A new show about St Patrick, a children's virtual art competition and a series of podcasts from former BBC politics correspondent Martina Purdy and ex-barrister Elaine Kelly, who are pilgrim guides on the new St Patrick's Way, are just some of the events on offer.
Speaking to BBC's Good Morning Ulster programme, Ms Purdy said that some of the guests involved on the podcast are journalist and presenter Eamonn Holmes, as well as Irish cellist Patrick Dexter, who has found online fame with his open-air recitals, shot outside his cottage in County Mayo.
"I was probably less aggressive than I was previously with some politicians," she said.
It is claimed that St Patrick is buried outside Downpatrick Cathedral. A large granite stone marks the spot, placed there in the early 20th century.
Derry City and Strabane
The council's Spring and St Patrick's Day programme promises to "bring some colour" to the city and district, according to mayor Brian Tierney.
He thanked event organisers for a programme that "strikes a balance between giving the public something to look forward to and celebrate, while also keeping everyone safe".
Event organiser Jacqueline Whoriskey said: "While we will not be holding any public events or gatherings, we have focused in on how we can creatively bring the spring spirit to our streets with artwork and installations, with fairy dwellings and artistic sculptures that can be enjoyed by everyone when out getting some fresh air and exercise".
Armagh City, Banbridge & Craigavon
Armagh's At Home With St Patrick Festival includes events such as online wreath making and an Irish dancing master class.
All events are free of charge, however, some do require registration in advance.
Causeway Coast and Glens
The council is marking Irish Language Week and St Patrick's Day with a series of online performances and storytelling.
Fermanagh & Omagh
All events have moved online and the festival includes music and dance performances, streamed live from the Strule Arts Centre in Omagh and the Ardhowen Theatre in Enniskillen.
The council is streaming a series of craft workshops, musical entertainment and dance performances live on social media channels throughout the day.
Police in Northern Ireland have appealed for anyone celebrating St Patrick's Day to ensure that they adhere to all public health regulations.
Hundreds of extra PSNI officers are set to be deployed across Northern Ireland on Wednesday, through to the early hours of Thursday.
The substantial policing operation will see officers patrolling beauty spots and the Holyland area of south Belfast.
Police said that a number of gatherings have already been broken up by officers in south Belfast ahead of St Patrick's Day.
Assistant Chief Constable Alan Todd said that people know the rules and those breaking them could face fines.
Who was St Patrick?
Saint Patrick lived in the 5th Century AD and is understood to have played a major part in converting the Irish to Christianity.
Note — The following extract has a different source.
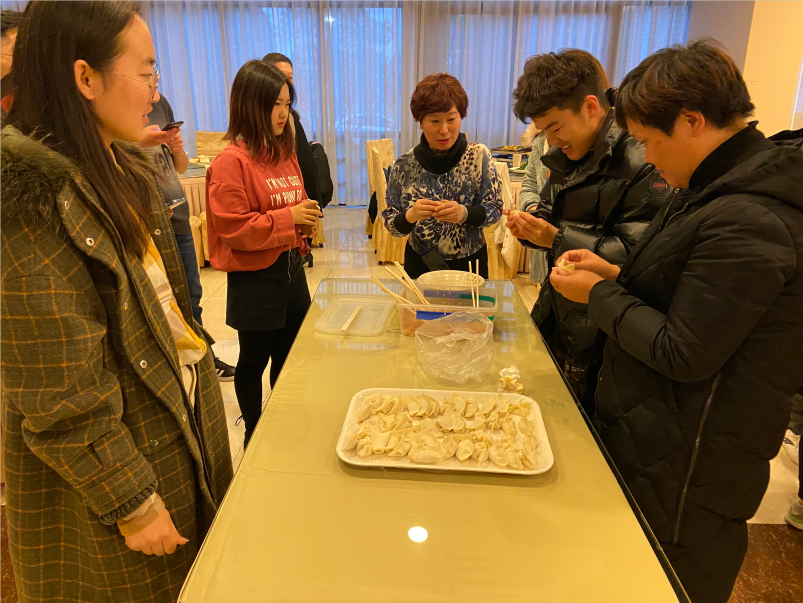 联谊会上,大家摩拳擦掌,兴致高昂,在老师的带领下,纷纷动手包起了饺子,通过相互合作、互相指点,一个个形状各异、玲珑剔透的饺子诞生了。随后在食堂阿姨的帮助下,包好的饺子下了锅,不久热腾腾的饺子上了桌。大家品尝着自己的劳动成果,不由自主的流露出发自内心的喜悦,同时也切身感受到食堂师傅日常工作的辛劳。

While St Patrick really existed, and some of his writings survive, his value does not really come from historical details but from the inspiration of a man who returned to the country where he had been a child slave, in order to bring the message of Christ.
He is traditionally associated with the shamrock plant, which he used to explain the Christian doctrine of the Holy Trinity.
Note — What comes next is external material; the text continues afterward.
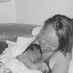 One of my legs was now up with the foot on the bottom of the pool and the other with the chin on the floor. I felt the urge to push and had both of my hands on my babies head. I held my hands as to welcome his with the next contraction but he didn’t turn, so in a quick moment which my midwife later told me was my intuition because he didn’t have enough room to move his shoulders, I stood up and with my hands on the rim of the pool I pushed just a little and he came. My husband and midwife stood behind me and caught him as he came out. I quickly sat back down and I had my baby in my arms. We did it. You and me and Daddy we went on this magical journey and welcomed you here. My midwife gave me and baby a towel to stay warm and then we got to know you. She quickly saw that you looked very well with an Apgar of 9 so there was no need to rub or suction or touch you in any way. We were just together and you didn’t cry. You came, immediately laid on my chest and knew that you weren’t away but with mama just on the other side. What a journey. We called our son into the living room and together we looked if we had a new brother or sister. It was a brother! We stayed in the pool and enjoyed and got to know one another. Daddy and brother were looking from the outside of the pool and baby and I enjoyed the water together.
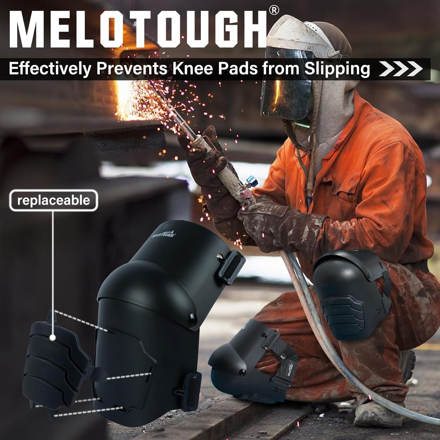 MELOTOUGH Knee Pads for Work,Construction,Flooring,Gardening-Comfortable and Flexible(BLACK) + MELOTOUGH Quick Release Tool Belt 1.5 Inch Web Work Tool Belt with Heavy Duty Metal Buckle for Tool Pouch, Construction, Electrical (Black)

The city's St Patrick's Festival runs from 12 to 17 March, with more than 100 online events around the theme of Awaken Ireland.
Organisers have partnered with Irish national broadcaster RTÉ for the virtual parade.
The celebrations will be broadcast around the world to a potential audience of 80 million people, organisers said.
'Family, friendship and affection'
The Queen has extended her best wishes to the people of Ireland for St Patrick's Day, 10 years after she visited.
In her message to Irish President Michael D Higgins, she said: "We share ties of family, friendship and affection, the foundation of our partnership that remains as important today as ten years ago."
Lá Fhéile Pádraig sona daoibh go léir— The Royal Family (@RoyalFamily) March 16, 2021
Ahead of #StPatricksDay tomorrow, The Queen has sent her best wishes to the people of Ireland ➡️ https://t.co/FQv88xVz5q
📷Her Majesty is pictured with @PresidentIRL and during her historic visit to Ireland in 2011. pic.twitter.com/4OKpaAp74v
President Michael D Higgins said that the British monarch's visit in 2011 was "such a moment of healing" and expressed his appreciation for her "good wishes on our national day".
Traditionally, a bowl of shamrock is presented to the US president every year on 17 March by the visiting taoiseach (Irish PM).
That long-standing tradition will continue this year, albeit virtually. The bowl will be placed on President Joe Biden's desk during his meeting with Taoiseach Micheál Martin on Wednesday.
The two leaders will discuss, among other things, combating Covid-19 and supporting political and economic stability in Northern Ireland, according to the White House.
Mr Biden, who has strong links to Mayo and Carlingford, will no doubt want to celebrate his Irish roots.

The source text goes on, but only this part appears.